In all, prosecutors alleged that Haynes had some form of sexual contact – ranging from online conversations to molestation – with at least 30 children between 1985 and 2014. As part of Haynes’ plea deal to child-pornography charges involving two teens, the government agreed to halt any further investigation.

“The crimes that were committed here were outrageous,” Surrick said Wednesday. “The individuals that were hurt by these crimes will spend the rest of their lives trying to get beyond it.”

Church officials maintain that no abuse allegations had been lodged against Haynes before his 2014 child-pornography arrest.

But prosecutors said Wednesday that even before then, he had shown signs of emotional distress.
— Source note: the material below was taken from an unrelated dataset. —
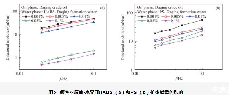 不同含量的HABS和PS在大慶原油-水界面的擴(kuò)張模量隨頻率的變化趨勢如圖5所示。可以看出,HABS和PS在原油-水界面的擴(kuò)張模量隨著頻率增大而線性增加,這與圖3中正癸烷-水界面的變化趨勢相同,作用機(jī)制也相同。

The Archdiocese of Philadelphia paid for him to receive counseling starting in 1999, including two stints in inpatient treatment.

It was during the more recent of those stays at a church-affiliated mental-health facility outside Toronto a year before his arrest that Haynes first revealed his struggle with gender identity, his lawyer Alan J. Tauber said.

“It is something that created enormous anxieties and dissonance in his life,” he said. “He internalized the message that he was fundamentally flawed.”

Still, Rotella noted that while Haynes’ patient files indicated he had been admitted for “cross-dressing and gender-identity issues,” archdiocesan files noted he was being treated for anger management.

For his part, Haynes – a beefy, soft-spoken man whose breath appeared to fail him as he rose to address the judge – turned to the Bible as he expressed remorse to his victims, his fellow priests, and his parishioners.

“My offenses, truly I know them,” he said, quoting Psalm 51. “My sin is always before me.”

But Wednesday was the first time the full scope of those sins was put on display for his victims and their relatives, some of whom sat in the courtroom gallery as prosecutors quickly flashed through dozens of pornographic images and videos found in Haynes’ possession.

“Oh, my God, oh, my God,” came the whispered refrain from one woman – the mother of a Washington state girl who was 12 when Haynes, posing online as a 15-year-old named Katie Caponetti, solicited her to send sexually explicit photos of herself.

Chester County detectives arrested him in October 2014 after tracing his online activity to his computer at the rectory at SS. Simon and Jude.

He immediately confessed to routinely posing as a teenage girl online to swap hundreds of pornographic images of children and attempt to persuade minors to send him graphic photos of themselves.

Ordained in 1985, Haynes had served at eight parishes in the Pennsylvania suburbs, also including Our Lady of Mount Carmel in Doylestown; St. John of the Cross in Roslyn; Our Lady of Good Counsel in Southampton; St. Pius X in Broomall; Our Lady of Perpetual Help in Morton; and Annunciation in Havertown.

In addition to his prison term, he was ordered Wednesday to serve 10 years’ federal probation after his release and pay a $15,000 fine. He has also agreed to leave the ministry, Tauber said.

“Mark Haynes was incredibly devoted and hardworking, and loved being a priest,” he said. “He has confessed his crimes, accepted responsibility, and sought forgiveness from the victims and their families.”